The group of Peter Bond is supported by an NRFfunded CRP grant which seeks to understand the mechanisms by which flaviviruses infect cells and interact with host immune factors. As part of a Singapore-wide collaborative team of researchers spanning NUS, A*STAR, Duke-NUS, and SGH, we have extended our “virtual flavivirus” models (Marzinek et al.) to show how dengue particles can “sense” the local environment to modulate their “breathing” dynamics associated with the viral life cycle, switching between smooth or bumpy shaped morphologies when transmitted from the mosquito and/or during a fever in the human host (Sharma et al.). By combining these models with cryo-electron microscopy data (Figure 3), we extended these insights to understand the process by which host antibodies inadvertently worsen dengue-induced disease by facilitating virus particle maturation (Wirawan et al), and most recently, discovered how dengue particles may “outsmart” vaccines when a patient has fever by modulating its “breathing” behavior to evade antibodies (Lim et al.). We are also interested in the healthy functioning of receptors in the human immune system (Holdbrook et al), and worked with researchers at Duke-NUS to show how interactions between such receptors and secreted dengue lipoprotein particles may increase disease severity and lead to epidemics (Chan et al.).

Figure 3: Simulations combined with cryo-electron microscopy data help to map how antibodies (orange) bind and dislodge the pr protein (white) to expose a key fusogenic region of the envelope proteins (red, yellow, blue), thereby rendering the immature dengue particle (grey transparent surface) infectious.

The new group of young PI Roland Huber analysed strains from all four serotypes of Dengue virus alongside four strains of Zika virus, which allowed us to characterise conserved structural RNA features in these viruses in collaboration with Wan Yue at GIS. Through mutational studies we could conclusively prove that genomic RNA structures in the coding region are essential for viral fitness and may prove interesting novel targets for antiviral therapy (Huber et al.).
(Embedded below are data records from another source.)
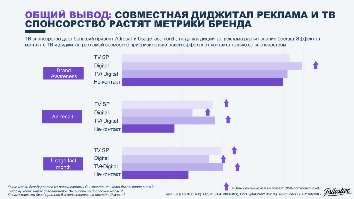 Одной из ключевых исследовательских задач было разделение эффекта от контакта аудитории с диджитальным и спонсорским размещением на ТВ. Отбор аудитории по прямому вопросу о факте контакта с рекламным креативом (клеймом), который все еще широко используется в индустрии для оценки эффективности ТВ-размещения, может существенно искажать получаемые данные. Часть опрашиваемой аудитории некорректно атрибутирует рекламу медиаканалам, часть успевает забыть креатив, и мы искусственно завышаем полученные цифры, отбирая в замер только тех, кто креатив вспомнил. Чтобы исключить эти факторы и получить максимально валидные данные, мы использовали выгрузки фактического контакта аудитории с креативами для обоих замеряемых медиаканалов.
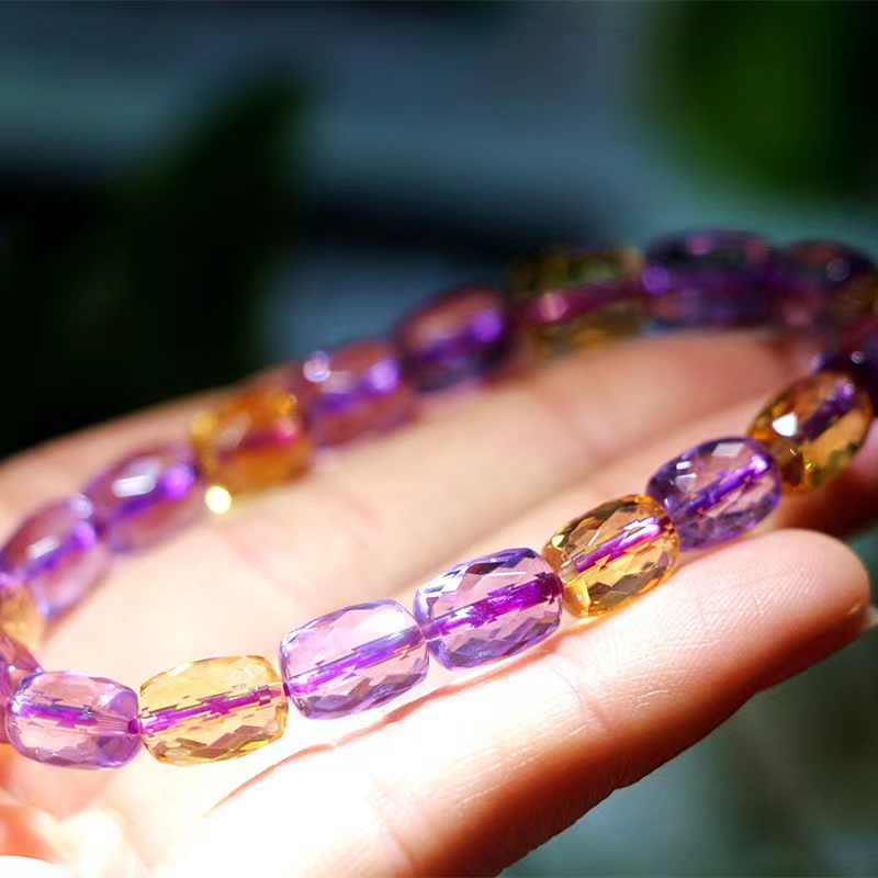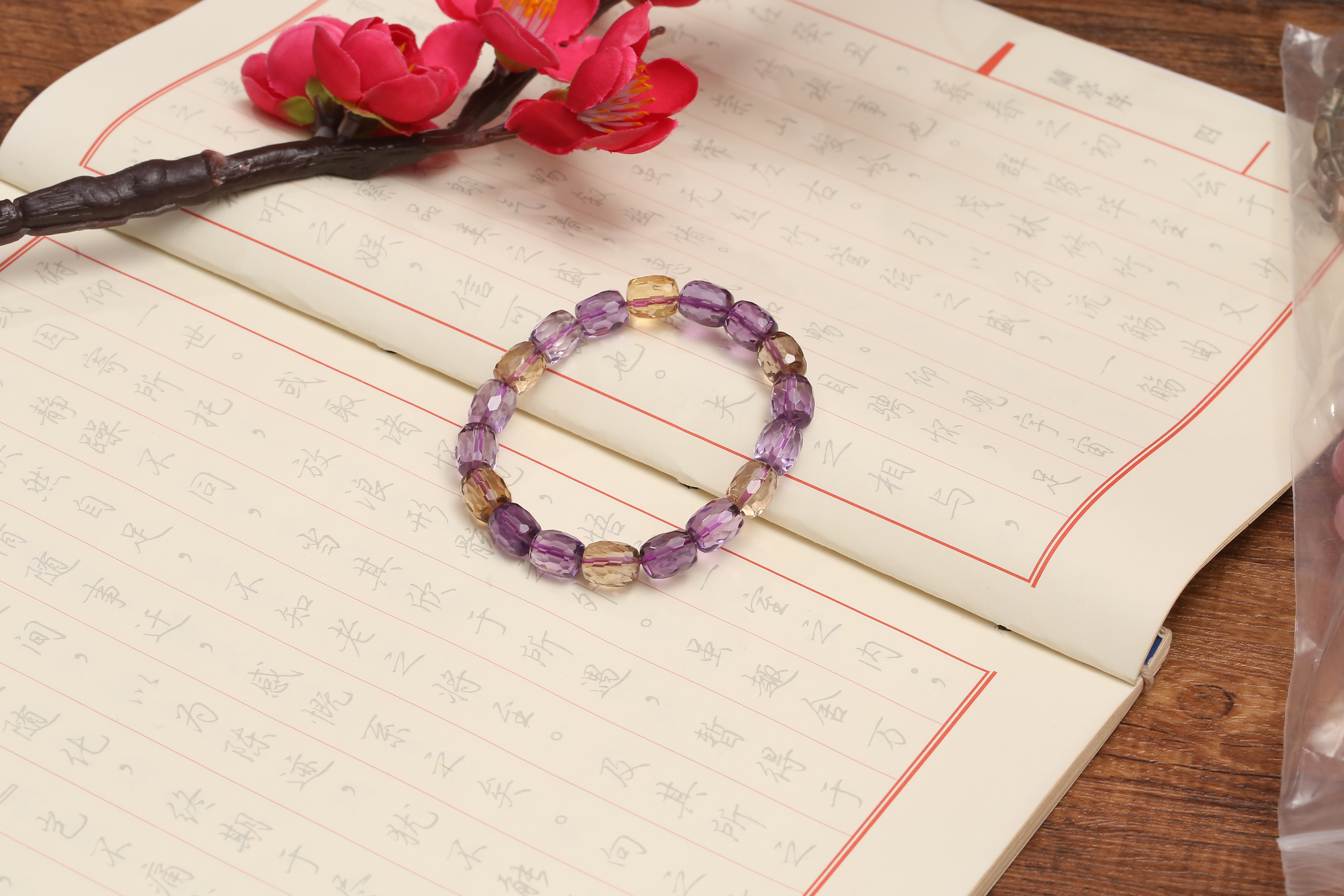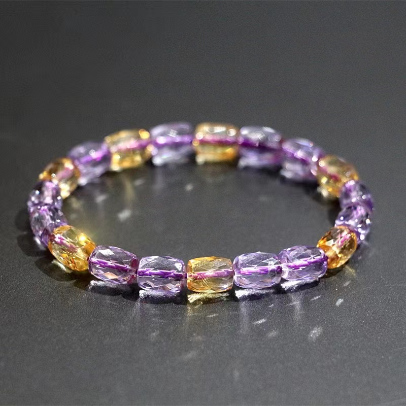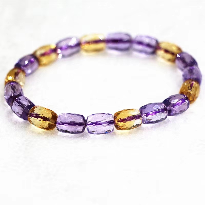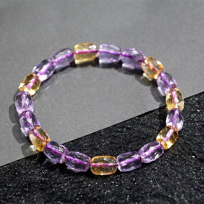 紫黄晶刻面桶珠水晶手链 12mm 紫水晶黄水晶撞色单圈手串简约送礼物 首饰饰品
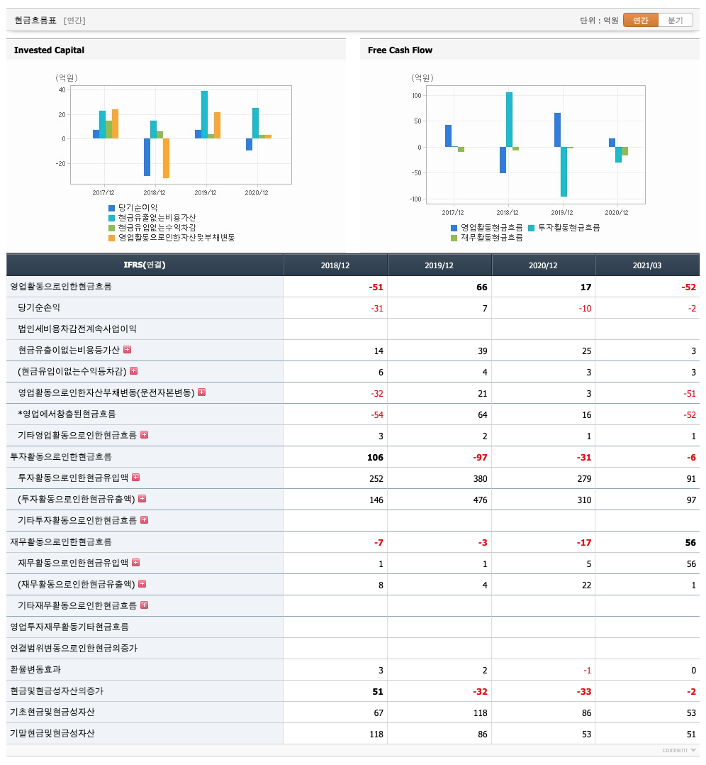 투자활동 현금흐름 : 2018년 106억원, 2019년 -97억원, 2020년 -31억원, 2021년 1분기 -6억원으로 2019년부터 투자활동 현금흐름이 원활합니다.

Together with the Maurer-Stroh and Bond group and NEA, he also studied Flavivirus Cross-Reactivity to Dengue Nonstructural Protein 1 Antigen Detection Assays (Tan et al).

Filoviruses utilize their VP40 viral matrix protein to drive virion assembly and budding, in part, by recruitment of specific WW domain-bearing host proteins via its conserved PPxY Late (L) domain motif. The group of Hao Fan has docked five PPxYcontaining peptides from Marburg, Ebola and angiomotin (AMOT) peptides to Yes Associated Protein (YAP), as well as a control peptide, to identify and understand the virus-host interactions (Han et al.).

Bacterial and Fungal Infections

The important long-term collaboration between the Verma group and the Beuerman group at the Singapore Eye Research Institute has focused on Defensin-derived antimicrobials for eye infections with partners from NTU, NUS and Singapore General Hospital. Besides the already available Defensins Knowledgbase (http://defensins.bii.a-star.edu.sg/), new molecules are now in pre-clinical testing and show activity against a broad spectrum of clinical strains of both gram positive and gram negative bacteria including Pseudomonas, MRSA, fungi (Fusarium, Candida) and Tb. These molecules are fast acting, stable, and do not give rise to resistance and additionally their toxicity is very low, thus characterizing them with a high therapeutic index. Some of these compounds demonstrate a high level of synergy with existing antibiotics, leading to potential reductions in dosage. We started a programme to study these and clinical trials are planned for eye infections. A spinoff has recently been setup to commercialize some of the molecules (www.sinsalabs.com).

An atomic model of the changes in the membrane associated with the MCR resistance has been created jointly by BII and SERI and has been used to design ab initio a novel molecule that was synthesized and showed activity as an excellent adjuvant to administering colistin at significantly reduced and efficacious doses towards the treatment of resistant pathogens. This has resulted in new IP, a manuscript under review and a spinoff planned for early 2020.